Interestingly, De Waal points out that Plato was particularly critical of one form of information storage: writing. When in his Phaedrus dialogue, the figure of Socrates reports an African philosophical story of the Egyptian god Theuth boasting about their invention of “letters”, a.k.a. writing, their interlocutor Thamus counters that writing merely “produce[s] forgetfulness” in people:

Their trust in writing, produced by external characters which are no part of themselves, will discourage the use of their own memory within them.
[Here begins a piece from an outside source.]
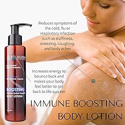 - Ughh, you feel it. The exhaustion, headache, body aches followed by sneezing and coughing or something worse starting to settle in. You've got a million things to do and now your body is denying your ambitions and you are or will soon be feeling ill from a cold, respiratory discomfort, or some other imbalance wearing down your immunity. Boost immunity, soothe your symptoms and bounce back quickly with immune boosting, nourishing and calming herbal extracts and essential oils in our Immune Boosting Body Lotion. So you can feel better and be healthier in no time.

You have invented an elixir not of memory, but of reminding. (Phaedrus, 275a)

Practices of recording textual or numerical information had at this point, of course, already been around for millennia: from the Ishango bone calendars found in what today is the Democratic Republic of Congo dating back circa 20,000 years, to Sumerian cuneiform tablets (ca. 3200 BCE) to the Inca Quipu system of accounting found in the Andes region of South America around 1500 BCE.

Yet during much of history, orality would have been the dominant mode of information transfer. Be that either exclusively oral (as with Native North American and Australian Aboriginal intellectual traditions) or by using oral transmission paired with script (as was the case for early Buddhist, Vedic and Jain works, ancient texts of Judaism and the Catholic tradition). (Moreover, literacy and numeracy long had only limited distribution, remaining the preserve of a ruling elite, often tied to socio-economic and political power.)
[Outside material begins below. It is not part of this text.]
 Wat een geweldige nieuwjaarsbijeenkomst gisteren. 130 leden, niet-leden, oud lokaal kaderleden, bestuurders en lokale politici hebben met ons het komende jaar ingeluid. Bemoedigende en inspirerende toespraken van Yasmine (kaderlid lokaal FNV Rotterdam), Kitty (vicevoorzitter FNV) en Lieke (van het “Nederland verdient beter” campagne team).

Where writing crafts a semi-persistent record, detachable from its producer, oral information transfer requires sender and receiver to be near another and, if immediate perishing of the message is to be avoided, some form of mnemonic and vocal reproductive capacities in the receiver, facilitating a chain of hearer-speakers in an oral tradition.

Thamus (as reported by Socrates, as written by Plato) reminds us that one’s choice of information vehicle is not neutral, but can have wide repercussions for its users, both cognitively and socially. (Something to which many living in attention-deprived, memory-externalising societies today can attest.)

Our very nature as cognitive and sensory information-processing animals fascinated Aristotle of Stagira, as Miira Tuominen makes clear in “On information in Aristotle: Nature, perception, knowledge”.

Tuominen shows that in Aristotle’s philosophy, information is everywhere. In nature, Aristotle sees a form of non-semantic, teleological information, as they regard any being as structured (that is, as being determined and regulated) by immaterial principles called “forms”, which inform matter. A wren, then, is structured by the form of wren-ness.

Those forms, though, may equally be transmitted, so as to inform knowers, which is where Aristotle’s theory of perception comes in. If I perceive a wren, the form in nature that structures the wren’s matter can come to be transmitted from the wren to myself as semantic (because meaningful) but non-linguistic information: I grasp the wren sensorily.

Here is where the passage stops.